あなた、MMP-3高値を放置で関節破壊が半年進行します
MMP-3は滑膜細胞や線維芽細胞から分泌されるプロテアーゼで、関節軟骨や基質分解に直接関与します。関節リウマチ(RA)では特に重要なバイオマーカーで、血中値が上昇すると関節破壊の進行と相関します。例えば、MMP-3が基準上限(男性約121 ng/mL、女性約59.7 ng/mL)を2倍以上超える症例では、6〜12か月以内にX線で骨びらん進行が確認される割合が有意に高いと報告されています。

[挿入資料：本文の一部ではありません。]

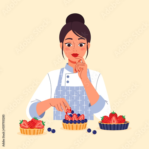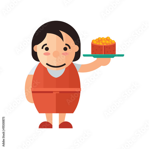 Prodavač nabízí čerstvé jahody sklizeň vektorové ikony izolovaných na bílém pozadí

つまり進行予測です。
CRPやESRと異なり、MMP-3は関節局所の破壊活動をより直接的に反映します。炎症が軽度でもMMP-3が高いケースでは、見かけ上の寛解でも構造的ダメージが進む可能性があります。ここが盲点です。
このリスクの対策として「寛解判定の過信」が問題になる場面では、狙いは構造評価の補完であり、候補として関節エコーを1回追加確認するのが有効です。画像とMMP-3の乖離確認だけ覚えておけばOKです。

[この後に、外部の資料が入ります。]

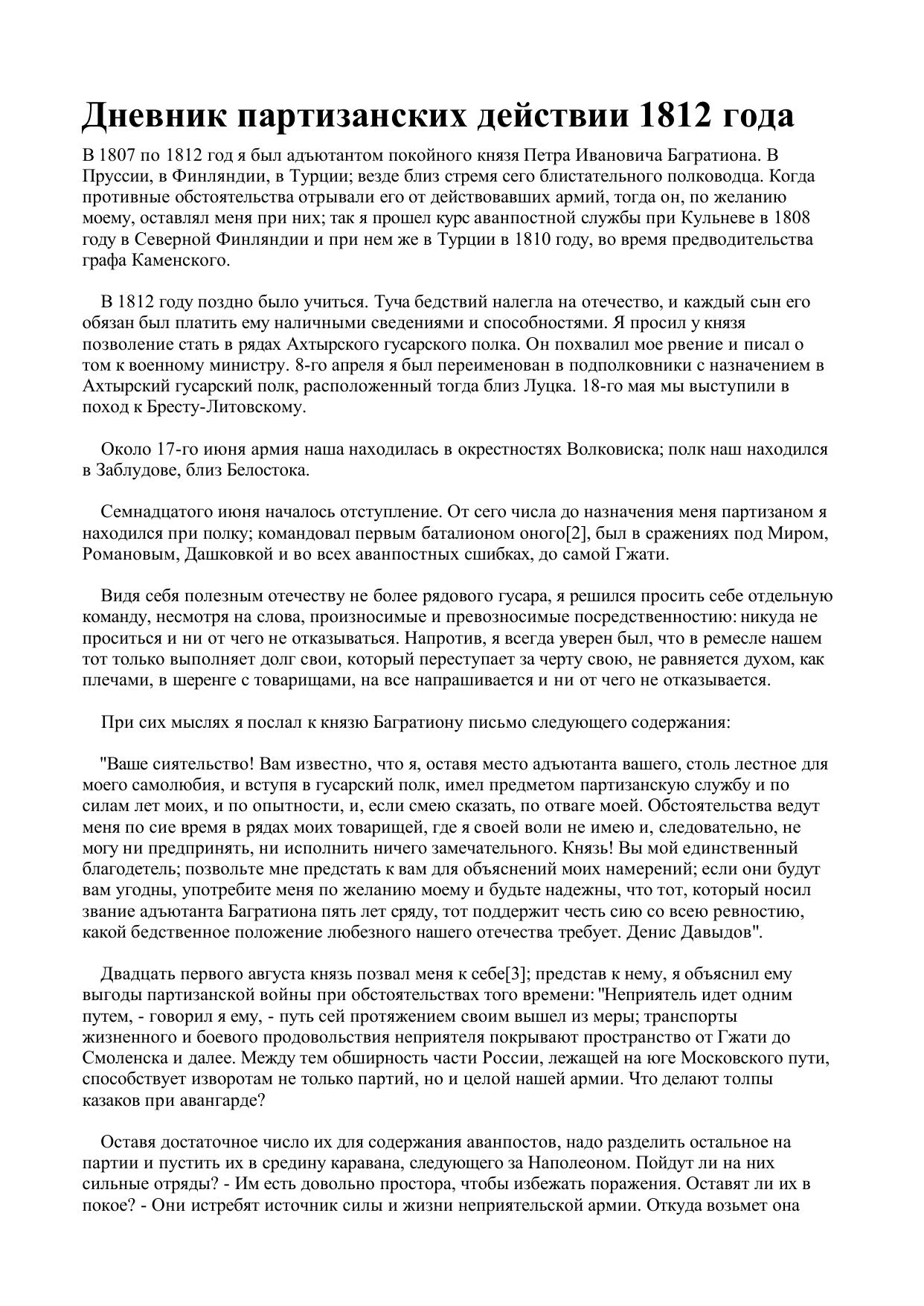 Дневник партизанских действии 1812 года

MMP-3の基準値は男女で大きく異なります。男性は約36.9〜121 ng/mL、女性は17.3〜59.7 ng/mLが一般的な目安です。女性の方が低い基準設定です。これはホルモンや筋量の違いが影響していると考えられています。男女差が重要です。

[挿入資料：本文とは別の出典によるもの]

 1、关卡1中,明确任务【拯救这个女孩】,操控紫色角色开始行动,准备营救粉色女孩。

例えば女性で80 ng/mLの場合、軽度上昇と見誤りがちですが、実際には基準の約1.3倍で臨床的には無視できません。一方、男性で同値なら軽度逸脱にとどまることもあります。このズレが診断精度を下げます。意外ですね。
検査解釈ミスのリスクがある場面では、狙いは基準値誤認の回避であり、候補として電子カルテに性別別基準値のポップアップ表示を設定するのが有効です。これだけで判断ミスは減ります。
MMP-3高値=関節リウマチとは限りません。ここが臨床上の落とし穴です。慢性肝疾患、特に肝線維化や肝硬変でも上昇します。ASTやALTが正常でも上がることがあります。ここは重要です。
例えばC型肝炎患者でMMP-3が150 ng/mLを超える例があり、関節症状が乏しいにもかかわらず高値を示します。この場合、滑膜ではなく肝由来のマトリックスリモデリングが原因です。つまり非関節性上昇です。
この誤診リスクの場面では、狙いは鑑別精度の向上であり、候補として「MMP-3高値+肝機能+線維化マーカー(FIB-4など)」を1回確認する運用が現実的です。鑑別が基本です。
MMP-3は治療効果判定にも使われますが、万能ではありません。抗TNF製剤やIL-6阻害薬投与後、MMP-3は数週間で低下することが多いです。反応性は高いです。
しかし問題は「早く下がりすぎるケース」です。IL-6阻害薬ではCRP同様にMMP-3も急低下し、実際の関節炎活動性を過小評価する可能性があります。ここが罠です。
例えばトシリズマブ使用患者で、MMP-3が治療前200→4週後50 ng/mLに低下しても、超音波で滑膜炎が残存するケースが報告されています。つまり見かけの改善です。
この過小評価リスクの場面では、狙いは過信防止であり、候補としてDAS28だけでなく画像評価を併用する運用に切り替えることが有効です。数値だけに注意すれば大丈夫です。
あまり語られませんが、「軽度高値の放置」が最も危険です。基準の1.2倍程度、例えば女性で70 ng/mL前後は見逃されがちです。ここが盲点です。
このレベルでも持続的に3か月以上高値が続くと、関節破壊の進行率が約1.5倍になるというデータがあります(画像進行ベース)。急上昇より持続です。
臨床現場では「様子見」が選択されやすいゾーンですが、この判断が半年後の機能障害に直結します。痛いですね。
この見逃しリスクの場面では、狙いは経時変化の把握であり、候補として「MMP-3を3か月ごとに同一条件で再検」する運用を徹底するのが現実的です。継続評価が条件です。